When we exclusively told you about Tremont in 2016, it was just another Atom core. The chip that is being described here is more than that, more of a flexible IP block than a strict core tied to a process like those that came before it. You might have heard it described as the little core in the Lakefield/Foveros SoC, one of four that sits beside a big Ice Lake/Sunny Cove core on that product. That oversimplifies what Tremont is and isn’t. Bear with us as we go into details, that is where the interesting parts are.
All the details
The first question you need to ask of any small core is whether it is ISA compatible with the larger cores that it often pairs with. Intel has been pretty bad about this in the past with a patchwork of capabilities spread between the Core, Atom, and Knights parts, sometimes even diverging on Xeons too. It made for a mess if you are writing software and pretty much ruled out the use of an ARM style Big/Little mechanism. If your thread migrates from one core type to another with a divergent ISA, hilarity ensues.

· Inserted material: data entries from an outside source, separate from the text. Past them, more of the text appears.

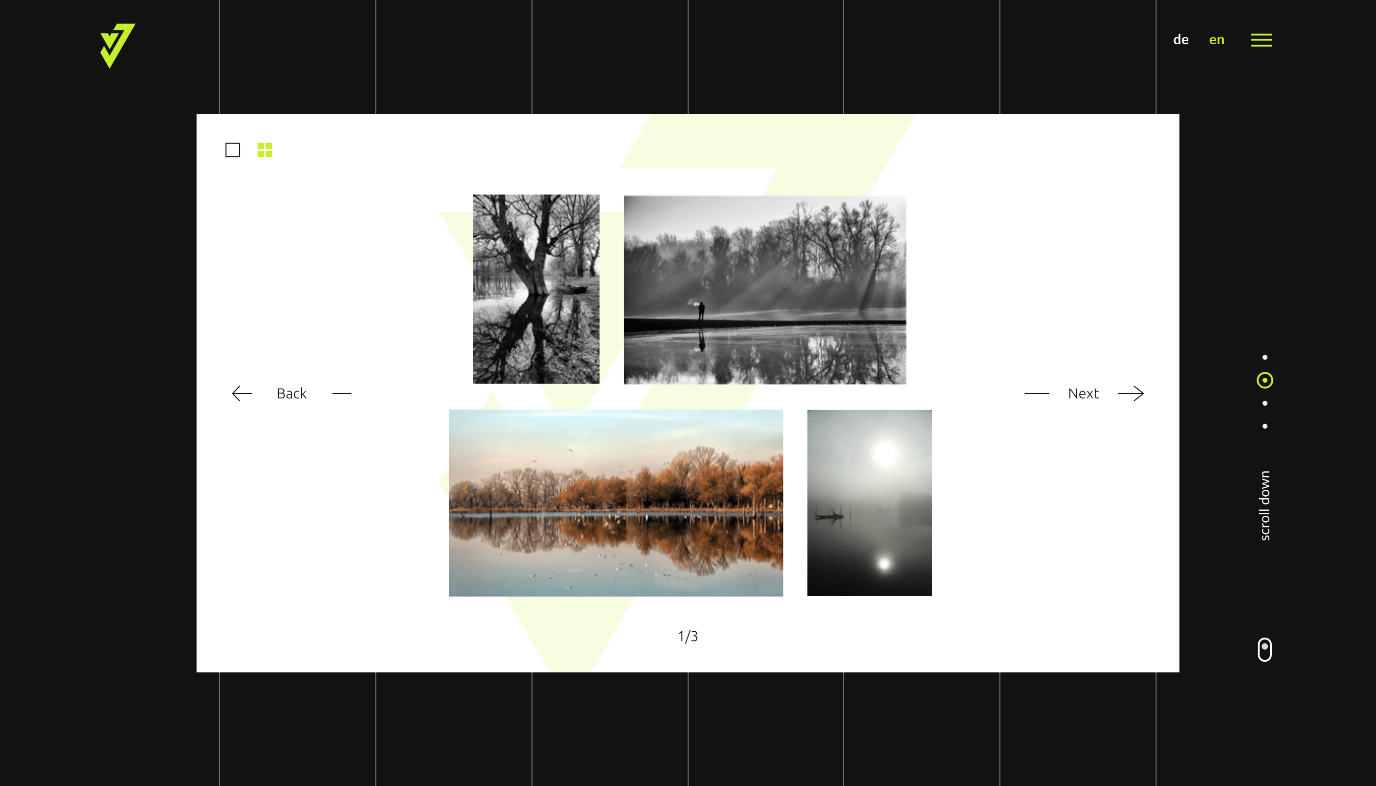 Gallery has two different layouts for displaying photographies, with multiple images and with a single one.
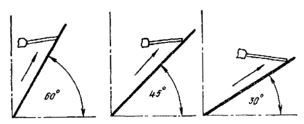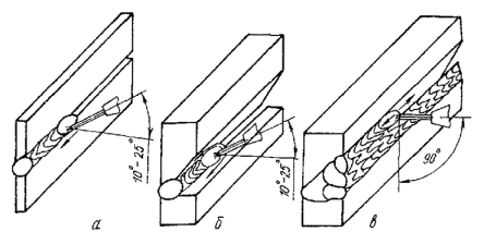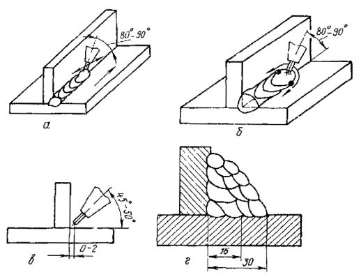 таврового шва: 6.13. Второй и последующие слои необходимо накладывать после зачистки поверхности застывшей ванны при минимальном вылете проволоки. 6.14. Тавровые швы катетом 8-16 мм следует закладывать по схеме, указанной в п. 6.10 настоящей инструкций (рис. 5, а). При этом сварку следует вести при минимальном вылете проволоки и угле наклона электрода к оси шва 100-110°. Перемещение электрода вверх по направлению сварки необходимо начинать вне ванны по корню разделки стыка, задерживая его в местах, отмеченных на рис. 5, а точками. 6.15. Первый слой многослойных тавровых швов следует накладывать в соответствии с указаниями п. 6.14 настоящей инструкции. При наложении валика катетом более 16 мм необходимо проваривать дугой середину ванны для обеспечения равномерного заполнения валика по всему поперечному сечению. При наложении многослойных вертикальных тавровых швов наплавленный металл следует распределять по слоям так, чтобы толщина каждого слоя составляла 3-5 мм. Валик следует накладывать при минимальном вылете проволоки, задерживая электрод в местах, отмеченных на рис. 5, б точками. Наклонное положение 6.16. К наклонным отнесены положения, представленные на рис. 6, и промежуточные. 6.17. В наклонном положении сварку следует выполнять при режимах, указанных в табл. 2. Рис. 6. Наклонные положения электрода 6.18. Стыковые соединения толщиной 4-6 мм, а также тавровые катетом 4-6 мм при угле наклона до 45° следует выполнять способом сверху - вниз, при угле наклона 60° - снизу - вверх при минимальной скорости подачи проволоки, используя технику наложения шва, аналогичную рекомендованной для сварки этих соединений в вертикальном положении (см. рис. 3, а, б). 6.19. Соединения толщиной 8-14 мм при углах наклона до 45-50° можно выполнять двумя способами: сваривать в два прохода при максимальной скорости подачи проволоки. Первый слой накладывают сверху - вниз, второй - снизу - вверх, используя технику манипулирования электродом, представленную на рис. 7; сваривать в один проход при минимальной скорости подачи проволоки, используя манипуляции электрода, аналогичные манипуляциям в вертикальном положении. При угле наклона более 45° соединения выполняют аналогично вертикальным. Рис. 7. Техника манипулирования электродом при наложении второго слоя наклонных под углом 30-45° соединений конструкций толщиной 8-14 мм 6.20. Способы выполнения соединений толщиной 16-20 мм зависят от их длины. Таблица 2
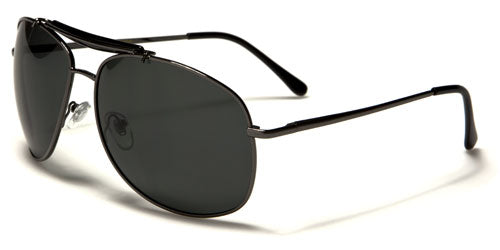 These cool aviator sunglasses for men by Polarspex feature a unique double bridge nosepiece with an extra thick upper bar. The frame is metal, made to be flexible and lightweight for comfort. The arms are straight and thin with a plastic covering over the curved earpiece for better grip. The polarized lenses are large and dark, offering glare elimination, ultraviolet protection and privacy to the wearer. These sweet shades are available in different lens colors to suit your taste.
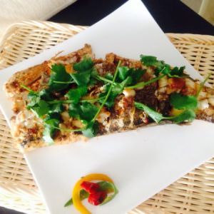 腌制好的鱼皮上摸少许白糖,撒上辣椒粉
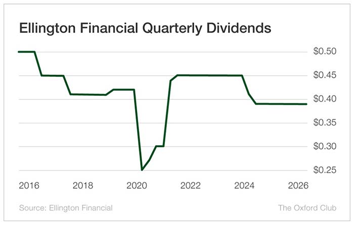 Ellington Financial is a serial dividend cutter. There have been four dividend reductions in the past 10 years – five if you group the payouts on a quarterly basis. In other words, when the going gets tough, Ellington shareholders receive lower dividends.
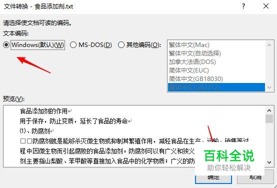 点击windows默认的文本编码格式,点击确定即可。
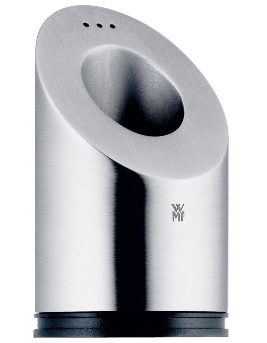 Przyprawniki wykonane są z odpornej na zniszczenia matowej stali nierdzewnej 18/10 Cromargan®, węższy do soli, a szerszy do pieprzu.

In this case Intel has cleaned up that ISA divergence a lot because Tremont is ISA compatible with Sunny Cove in all regards but one, AVX. Tremont doesn’t have AVX at all, not in vanilla, AVX2, or AVX-512 formats. Why? Because Tremont is aimed at integer workloads and AVX is aimed at heavy number crunching. AVX also takes up a ton of die area and required a lot of power delivery too, both of those things are not amenable to a mobile oriented, low power core. If you need AVX, the Ice Lake big core in Lakefield will wake up and run that code nicely but the OS needs to be aware of this.

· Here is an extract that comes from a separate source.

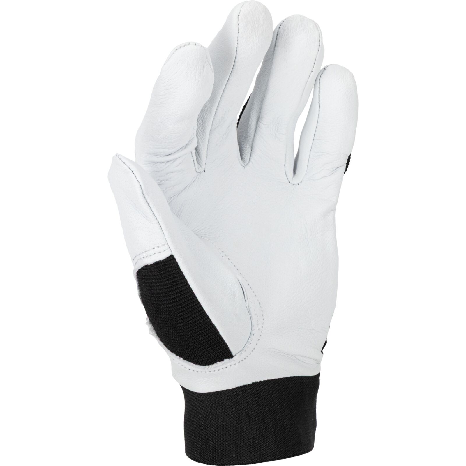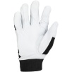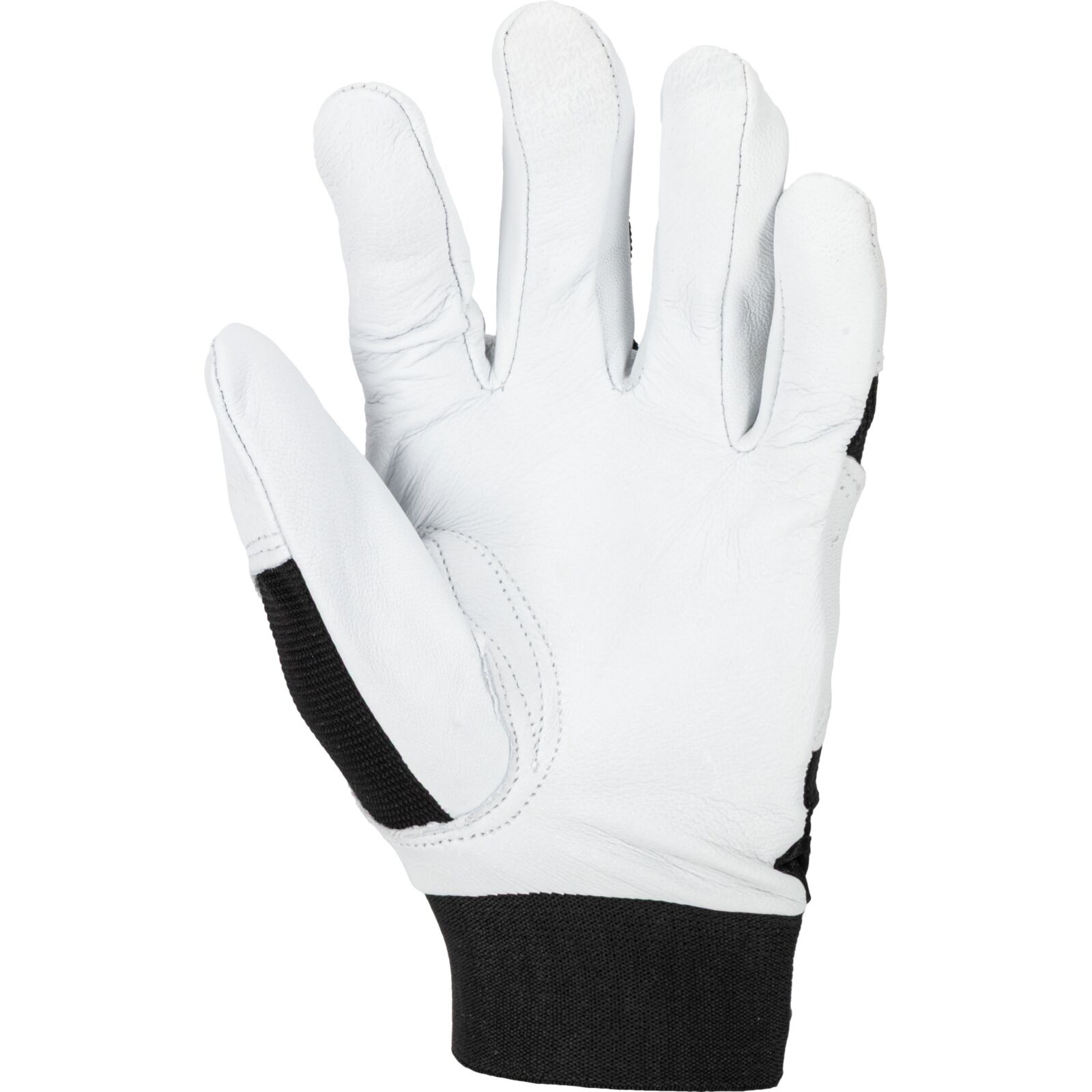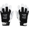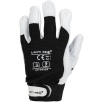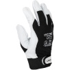 Część chwytna została wykonana z jednego kawałka skóry, co zwiększa wytrzymałość rękawicy i ogranicza zużycie w najbardziej obciążonych miejscach. Wierzchnia część wykonana z elastycznego materiału poprawia dopasowanie do dłoni oraz swobodę ruchów podczas pracy.

In the Lakefield SoC this isn’t going to be much of an issue because all signs point to Microsoft being the one who effectively commissioned that part. If they can’t handle such a simple challenge, imagine what security holes will be like…. OK bad example. In any case this highlights a big advance in Tremont, portability. Lakefield is the first design bearing Tremont cores but not the only one. It also uses a specific configuration of Tremont, there are many options.
Tremont front end
The interesting bits start out at the top in the front end, a rather large 6-wide decoder feeds into a 4-wide allocation unit. That in turn has 10 execution ports under it and is supported by two load/store pipes. All of this sits on a bus with up to three other Tremont cores and up to 4.5MB of L2 cache. If this sounds like a pretty common recipe for a large fire breathing core, you would be right from the high level view. Once you start looking below the surface things get mighty interesting.

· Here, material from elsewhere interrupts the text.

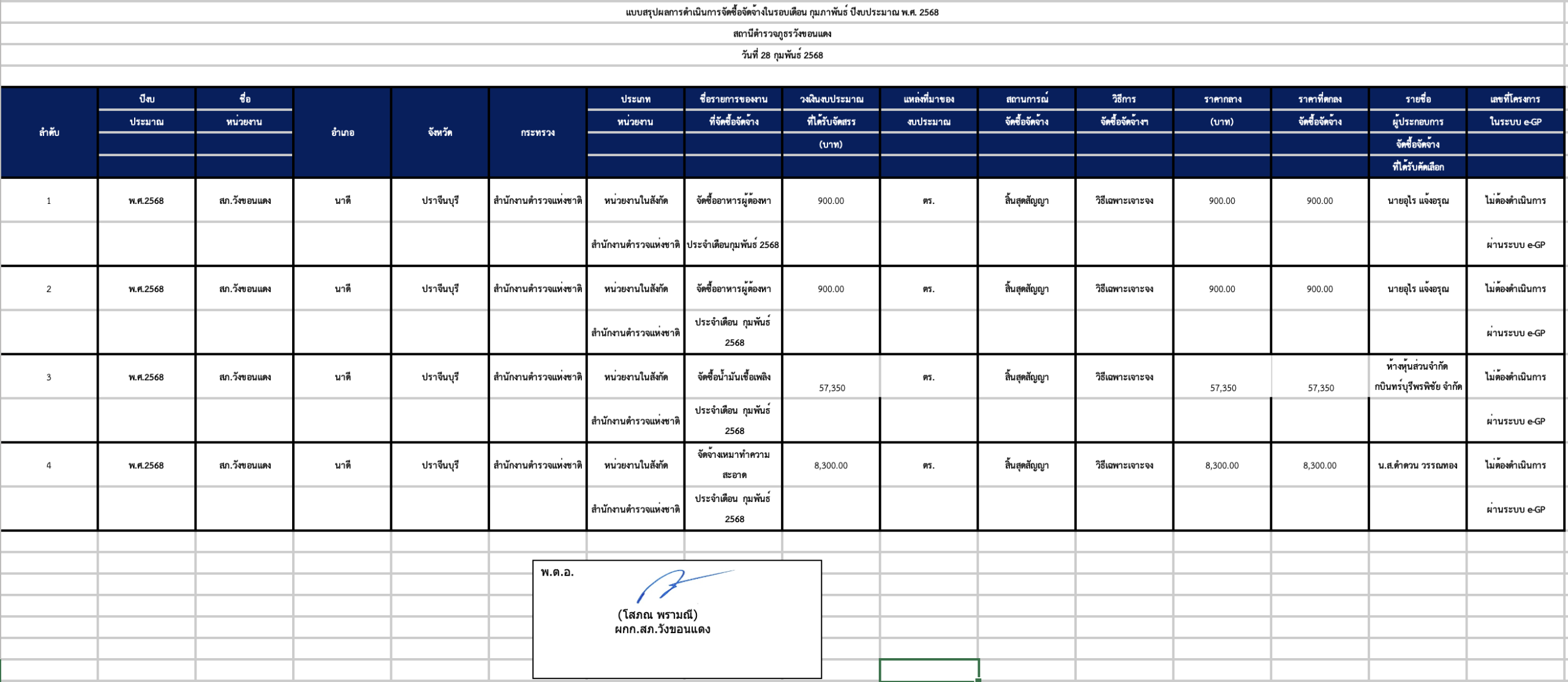 สรุปผลการจัดซื้อจัดจ้างเดือน กุมภาพันธ์ พ.ศ.2568

Notice that the queues and decoders are split in to two groups, black and grey, with a few common structure like the fetch, predict, and Icache. That is because the 6-wide decode isn’t actually a 6-wide decoder, it is two 3-wide decoders that operate in parallel. You might have also noticed a lack of structures like a micro-op cache and things related to translating x86 into sane operands, then packing or whatnot as has been the norm since the P4 days or even earlier.
This is because of cool thing #1, Tremont doesn’t use micro-ops, it executes x86 instructions natively. If you are wondering why this is a big deal you probably haven’t been paying attention to how x86 CPUs work over the last decade or two, this is pretty unique. Since you are already sitting down, we can throw the next one at you, Tremont is also not threaded. We know Atoms have gone back and forth on threading but Tremont makes it pretty clear that threaded CPUs don’t belong in this power class, something everyone but Samsung seems to have figured out.
But why two 3-wide decoders? That is where things get really interesting, they operate in parallel. SemiAccurate first jumped to the conclusion that they would each take one path on a branch, something that seems obvious but is rarely if ever worth the horrendous power cost. Tremont doesn’t do this but instead has one decoder working on a code path until it gets to a loop with a branch at the end for example.
The first decoder runs through the loop as normal while the second one starts work on the predicted branch taken so when the loop finishes, the other decoder had all the bits ready and waiting to go without a pause. After every branch taken, the system is load balanced and normal operation resumes. For obvious reasons Intel didn’t go into the whole secret sauce level details but there are probably a lot of cool tricks happening here.
This is aided by the fact that the whole front end is out of order with a 32KB Icache and can support eight outstanding misses. Predicts can run ahead, something you need for the whole second decoder scheme to work. The predictor scheme is similar to a big core rather than the Atoms that came before Tremont. The L1 predictor has a long history, 32 bytes, and has no penalty if correct. The L2 predictor is simply described as large.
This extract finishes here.